Try it
Only the lines below between the one holding "哌柏西利+氟维司群组的最常见" and the one holding "Σήμερα η το", inclusive, are to be reproduced word for word; the pictures are to be left out.

Exercise data
BEGIN

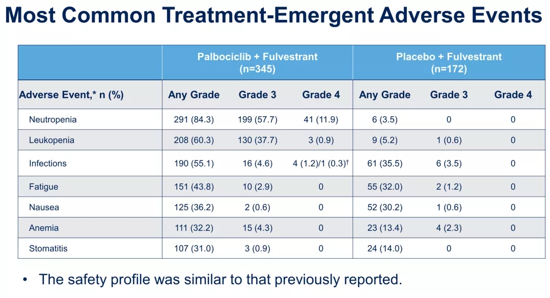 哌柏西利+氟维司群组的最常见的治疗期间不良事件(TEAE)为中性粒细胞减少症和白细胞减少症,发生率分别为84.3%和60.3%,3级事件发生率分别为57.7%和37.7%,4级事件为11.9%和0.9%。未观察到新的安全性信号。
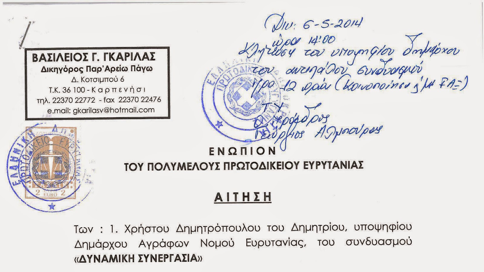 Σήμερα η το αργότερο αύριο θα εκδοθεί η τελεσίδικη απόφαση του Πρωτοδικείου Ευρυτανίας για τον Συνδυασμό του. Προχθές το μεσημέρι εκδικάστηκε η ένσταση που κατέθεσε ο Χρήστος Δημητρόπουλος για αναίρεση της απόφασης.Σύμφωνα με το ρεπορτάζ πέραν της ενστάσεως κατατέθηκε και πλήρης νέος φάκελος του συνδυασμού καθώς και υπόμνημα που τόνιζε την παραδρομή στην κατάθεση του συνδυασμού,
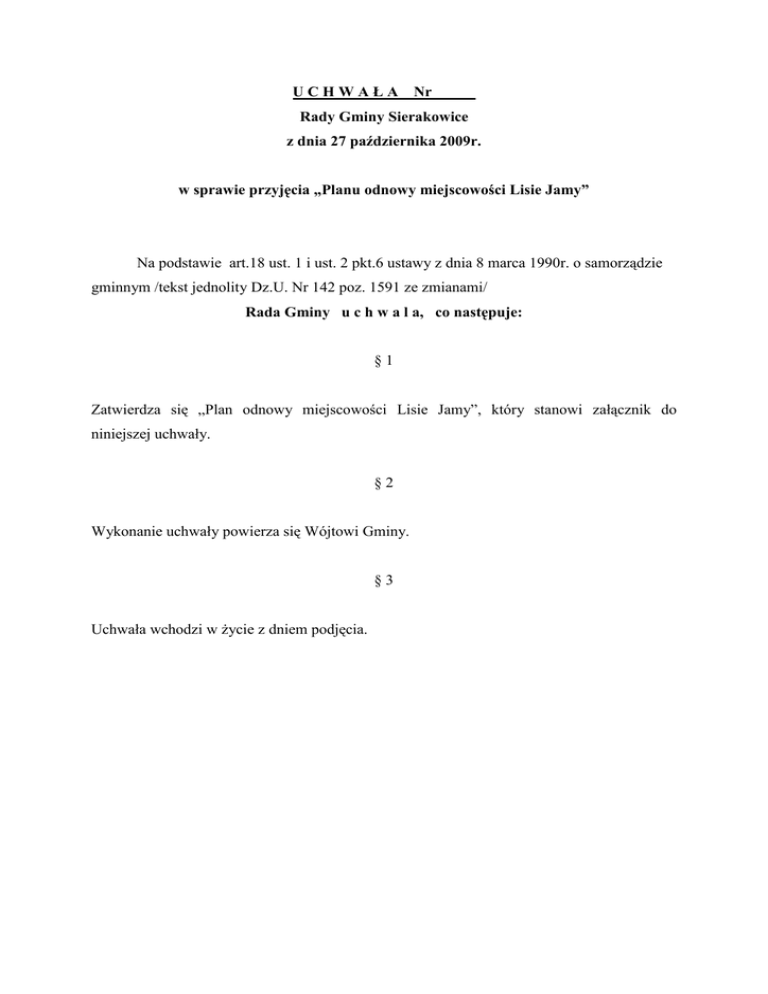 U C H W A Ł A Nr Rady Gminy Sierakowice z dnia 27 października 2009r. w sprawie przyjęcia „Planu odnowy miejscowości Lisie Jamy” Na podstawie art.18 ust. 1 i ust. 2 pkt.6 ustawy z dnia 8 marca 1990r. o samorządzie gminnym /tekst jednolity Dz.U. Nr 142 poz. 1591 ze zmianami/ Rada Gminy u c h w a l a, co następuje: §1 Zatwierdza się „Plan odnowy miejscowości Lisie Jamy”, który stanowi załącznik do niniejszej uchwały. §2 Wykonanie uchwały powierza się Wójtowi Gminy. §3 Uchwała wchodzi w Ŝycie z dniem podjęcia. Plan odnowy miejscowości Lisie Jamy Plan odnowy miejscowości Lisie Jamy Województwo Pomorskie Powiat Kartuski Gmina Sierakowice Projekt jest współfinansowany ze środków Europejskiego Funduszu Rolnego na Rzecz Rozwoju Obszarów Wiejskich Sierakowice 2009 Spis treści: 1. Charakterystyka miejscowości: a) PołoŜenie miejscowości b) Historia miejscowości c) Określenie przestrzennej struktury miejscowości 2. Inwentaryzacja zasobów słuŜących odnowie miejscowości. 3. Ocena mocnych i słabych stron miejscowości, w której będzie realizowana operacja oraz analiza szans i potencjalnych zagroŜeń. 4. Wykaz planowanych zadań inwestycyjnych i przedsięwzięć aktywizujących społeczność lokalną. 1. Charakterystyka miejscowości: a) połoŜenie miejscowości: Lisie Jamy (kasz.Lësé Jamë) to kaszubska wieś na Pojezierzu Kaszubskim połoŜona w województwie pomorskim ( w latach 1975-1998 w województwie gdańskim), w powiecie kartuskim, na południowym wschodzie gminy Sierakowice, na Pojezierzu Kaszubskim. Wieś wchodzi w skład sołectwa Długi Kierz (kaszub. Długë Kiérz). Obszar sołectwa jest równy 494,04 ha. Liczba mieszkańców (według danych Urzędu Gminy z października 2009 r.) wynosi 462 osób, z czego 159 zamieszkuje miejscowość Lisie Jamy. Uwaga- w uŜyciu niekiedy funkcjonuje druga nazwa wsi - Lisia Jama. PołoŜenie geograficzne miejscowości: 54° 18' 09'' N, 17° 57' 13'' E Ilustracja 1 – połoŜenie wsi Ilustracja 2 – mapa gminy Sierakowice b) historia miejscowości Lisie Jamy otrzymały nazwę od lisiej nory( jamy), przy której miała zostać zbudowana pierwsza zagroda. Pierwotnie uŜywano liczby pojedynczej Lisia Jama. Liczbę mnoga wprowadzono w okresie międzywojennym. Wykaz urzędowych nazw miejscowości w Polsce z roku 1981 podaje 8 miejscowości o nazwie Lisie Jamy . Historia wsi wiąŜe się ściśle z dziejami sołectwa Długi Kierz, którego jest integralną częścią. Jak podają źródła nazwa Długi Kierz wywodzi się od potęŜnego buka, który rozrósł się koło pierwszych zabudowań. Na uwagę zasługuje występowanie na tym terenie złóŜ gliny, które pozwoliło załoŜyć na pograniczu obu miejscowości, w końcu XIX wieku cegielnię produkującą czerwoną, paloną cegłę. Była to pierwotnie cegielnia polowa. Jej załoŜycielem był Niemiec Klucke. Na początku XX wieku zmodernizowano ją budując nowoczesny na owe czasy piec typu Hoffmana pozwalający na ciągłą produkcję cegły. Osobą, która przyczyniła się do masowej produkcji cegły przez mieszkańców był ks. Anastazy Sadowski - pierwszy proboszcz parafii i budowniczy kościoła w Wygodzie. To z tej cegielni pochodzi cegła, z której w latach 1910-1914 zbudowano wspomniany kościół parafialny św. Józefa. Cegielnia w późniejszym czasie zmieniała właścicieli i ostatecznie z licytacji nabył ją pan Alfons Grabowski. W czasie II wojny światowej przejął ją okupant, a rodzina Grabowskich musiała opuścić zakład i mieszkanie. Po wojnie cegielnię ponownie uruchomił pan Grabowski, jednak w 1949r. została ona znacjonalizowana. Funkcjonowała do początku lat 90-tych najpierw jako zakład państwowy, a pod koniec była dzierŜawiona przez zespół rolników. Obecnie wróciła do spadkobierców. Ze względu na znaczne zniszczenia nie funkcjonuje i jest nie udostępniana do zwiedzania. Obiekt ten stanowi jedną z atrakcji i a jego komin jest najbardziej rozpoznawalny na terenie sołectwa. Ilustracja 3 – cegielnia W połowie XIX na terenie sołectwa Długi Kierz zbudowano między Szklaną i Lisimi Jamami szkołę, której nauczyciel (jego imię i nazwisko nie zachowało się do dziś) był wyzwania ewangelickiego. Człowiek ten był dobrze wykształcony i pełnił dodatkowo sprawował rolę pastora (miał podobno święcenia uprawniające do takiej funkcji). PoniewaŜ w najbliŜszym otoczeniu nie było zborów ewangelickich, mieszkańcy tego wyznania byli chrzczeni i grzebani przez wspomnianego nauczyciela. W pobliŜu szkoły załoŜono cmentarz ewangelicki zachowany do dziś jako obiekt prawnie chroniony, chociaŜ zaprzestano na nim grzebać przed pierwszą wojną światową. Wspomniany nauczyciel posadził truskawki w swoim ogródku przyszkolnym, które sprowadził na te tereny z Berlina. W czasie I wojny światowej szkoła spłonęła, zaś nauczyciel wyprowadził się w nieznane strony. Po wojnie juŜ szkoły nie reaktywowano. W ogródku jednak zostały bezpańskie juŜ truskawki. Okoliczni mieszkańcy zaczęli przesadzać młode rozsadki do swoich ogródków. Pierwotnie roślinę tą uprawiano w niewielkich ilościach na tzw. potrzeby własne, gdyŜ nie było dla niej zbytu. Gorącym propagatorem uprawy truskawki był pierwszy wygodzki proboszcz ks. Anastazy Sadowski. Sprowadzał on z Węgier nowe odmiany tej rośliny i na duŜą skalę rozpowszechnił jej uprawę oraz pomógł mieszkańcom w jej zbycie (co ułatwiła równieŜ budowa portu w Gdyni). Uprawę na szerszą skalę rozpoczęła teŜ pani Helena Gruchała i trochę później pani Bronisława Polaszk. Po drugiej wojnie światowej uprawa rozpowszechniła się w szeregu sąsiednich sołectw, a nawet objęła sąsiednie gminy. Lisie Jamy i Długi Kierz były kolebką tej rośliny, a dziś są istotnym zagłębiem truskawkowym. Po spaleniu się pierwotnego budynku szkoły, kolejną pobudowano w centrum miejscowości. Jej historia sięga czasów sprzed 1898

END
BEGIN

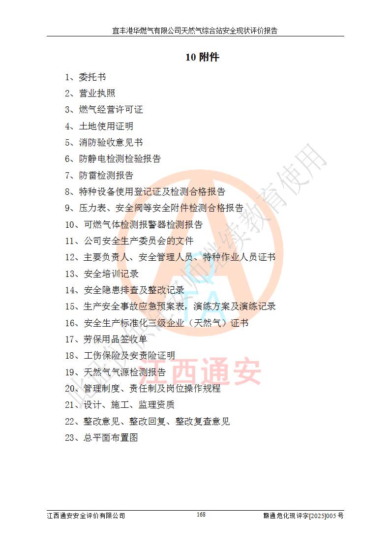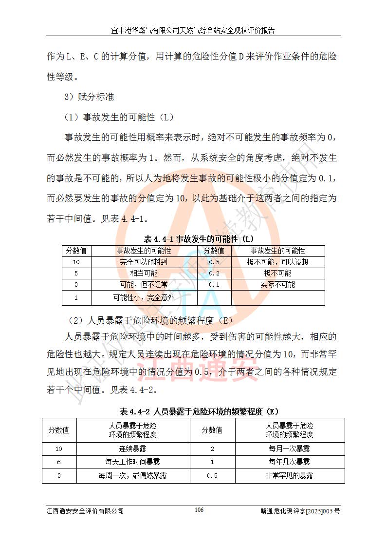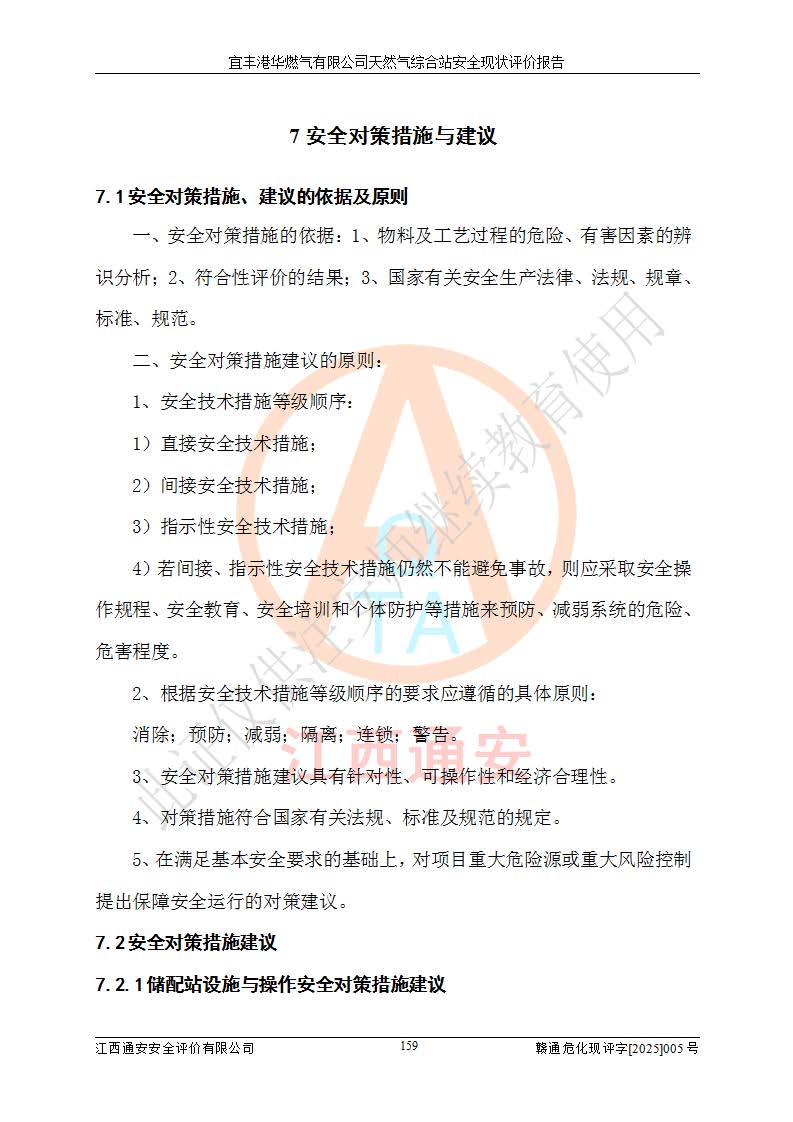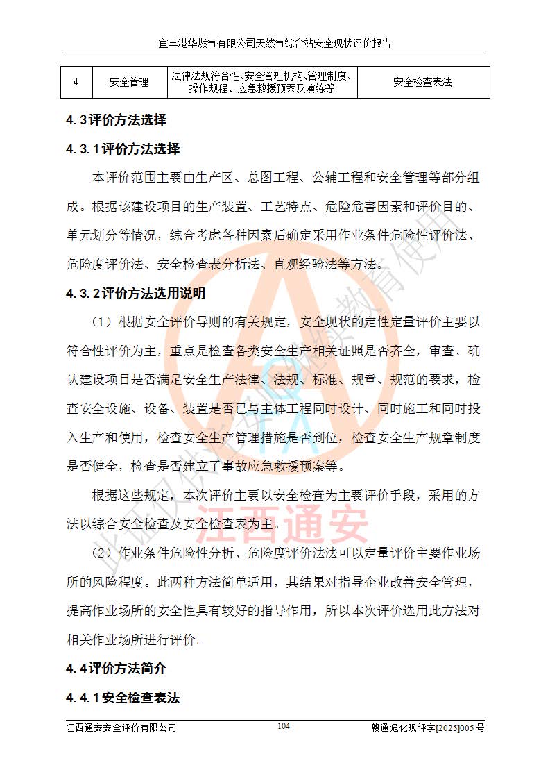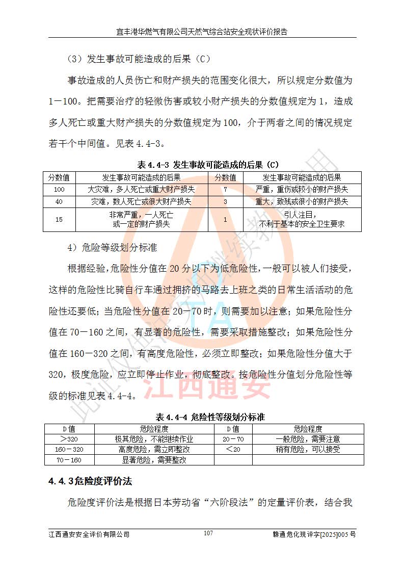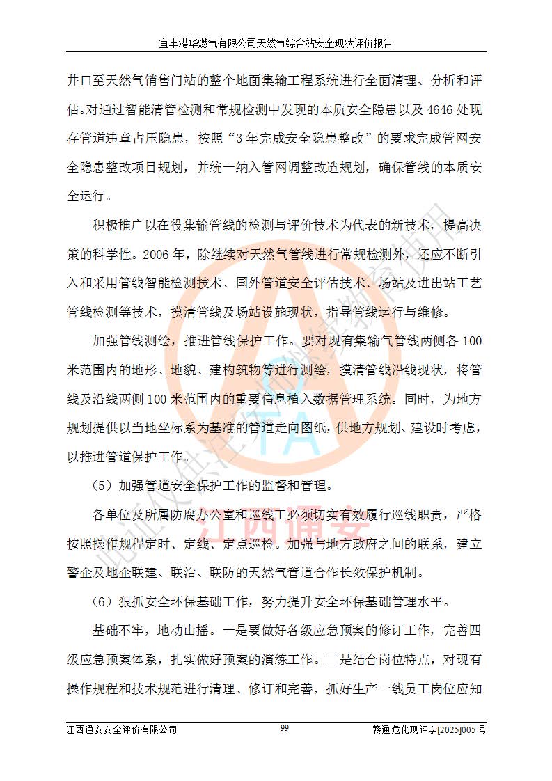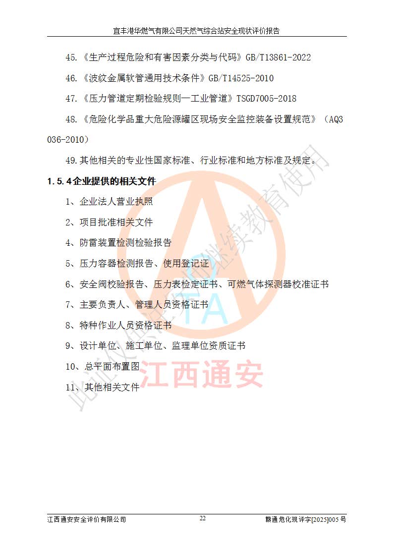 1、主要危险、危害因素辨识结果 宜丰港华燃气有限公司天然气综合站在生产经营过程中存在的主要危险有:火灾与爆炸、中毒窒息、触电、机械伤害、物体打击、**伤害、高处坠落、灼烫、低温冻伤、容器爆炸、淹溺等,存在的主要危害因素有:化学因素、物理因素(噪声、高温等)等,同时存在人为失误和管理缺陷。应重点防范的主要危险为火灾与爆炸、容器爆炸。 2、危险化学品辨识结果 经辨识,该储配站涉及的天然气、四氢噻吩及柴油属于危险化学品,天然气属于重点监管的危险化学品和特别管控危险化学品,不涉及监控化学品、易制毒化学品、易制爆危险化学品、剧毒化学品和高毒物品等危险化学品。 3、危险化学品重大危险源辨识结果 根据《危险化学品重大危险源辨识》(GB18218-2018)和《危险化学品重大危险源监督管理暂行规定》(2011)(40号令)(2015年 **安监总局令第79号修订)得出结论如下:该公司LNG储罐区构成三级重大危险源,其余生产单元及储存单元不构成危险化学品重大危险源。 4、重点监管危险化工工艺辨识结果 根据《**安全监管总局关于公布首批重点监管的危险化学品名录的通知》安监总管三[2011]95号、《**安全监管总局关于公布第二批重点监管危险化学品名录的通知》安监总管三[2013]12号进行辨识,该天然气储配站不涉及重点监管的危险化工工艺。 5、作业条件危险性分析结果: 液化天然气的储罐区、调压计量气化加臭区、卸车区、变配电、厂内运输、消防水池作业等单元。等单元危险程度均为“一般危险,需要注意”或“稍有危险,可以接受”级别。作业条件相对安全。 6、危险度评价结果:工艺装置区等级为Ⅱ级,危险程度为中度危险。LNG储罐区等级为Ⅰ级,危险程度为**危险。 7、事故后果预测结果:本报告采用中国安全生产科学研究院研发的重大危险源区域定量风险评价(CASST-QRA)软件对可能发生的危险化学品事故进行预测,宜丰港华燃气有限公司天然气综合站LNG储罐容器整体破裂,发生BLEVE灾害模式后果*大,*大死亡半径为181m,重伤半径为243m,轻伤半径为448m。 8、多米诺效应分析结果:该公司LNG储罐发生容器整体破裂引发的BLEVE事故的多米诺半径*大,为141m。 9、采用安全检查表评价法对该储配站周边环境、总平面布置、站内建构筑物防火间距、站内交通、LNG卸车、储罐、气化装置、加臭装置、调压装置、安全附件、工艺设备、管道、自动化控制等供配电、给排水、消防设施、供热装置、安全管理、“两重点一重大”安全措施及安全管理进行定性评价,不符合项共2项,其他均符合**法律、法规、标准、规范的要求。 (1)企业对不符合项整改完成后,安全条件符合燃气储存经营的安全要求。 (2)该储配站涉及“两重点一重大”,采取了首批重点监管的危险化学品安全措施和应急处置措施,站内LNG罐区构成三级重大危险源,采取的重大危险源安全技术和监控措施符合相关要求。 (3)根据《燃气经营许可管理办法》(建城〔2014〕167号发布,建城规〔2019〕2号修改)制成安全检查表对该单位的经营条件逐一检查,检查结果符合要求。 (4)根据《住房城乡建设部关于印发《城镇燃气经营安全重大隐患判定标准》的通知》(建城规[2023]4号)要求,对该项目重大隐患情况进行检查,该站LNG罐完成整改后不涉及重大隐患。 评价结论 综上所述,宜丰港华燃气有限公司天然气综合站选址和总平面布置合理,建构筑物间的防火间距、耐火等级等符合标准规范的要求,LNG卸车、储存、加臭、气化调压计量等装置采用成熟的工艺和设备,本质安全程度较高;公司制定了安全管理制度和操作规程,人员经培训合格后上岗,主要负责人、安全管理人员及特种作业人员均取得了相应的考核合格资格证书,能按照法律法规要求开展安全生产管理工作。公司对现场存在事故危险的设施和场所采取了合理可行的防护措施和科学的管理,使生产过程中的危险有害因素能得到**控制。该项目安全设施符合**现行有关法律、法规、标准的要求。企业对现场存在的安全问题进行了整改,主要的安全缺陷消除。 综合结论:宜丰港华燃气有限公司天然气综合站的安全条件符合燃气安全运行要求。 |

END

Solution
 哌柏西利+氟维司群组的最常见的治疗期间不良事件(TEAE)为中性粒细胞减少症和白细胞减少症,发生率分别为84.3%和60.3%,3级事件发生率分别为57.7%和37.7%,4级事件为11.9%和0.9%。未观察到新的安全性信号。
 Σήμερα η το αργότερο αύριο θα εκδοθεί η τελεσίδικη απόφαση του Πρωτοδικείου Ευρυτανίας για τον Συνδυασμό του. Προχθές το μεσημέρι εκδικάστηκε η ένσταση που κατέθεσε ο Χρήστος Δημητρόπουλος για αναίρεση της απόφασης.Σύμφωνα με το ρεπορτάζ πέραν της ενστάσεως κατατέθηκε και πλήρης νέος φάκελος του συνδυασμού καθώς και υπόμνημα που τόνιζε την παραδρομή στην κατάθεση του συνδυασμού,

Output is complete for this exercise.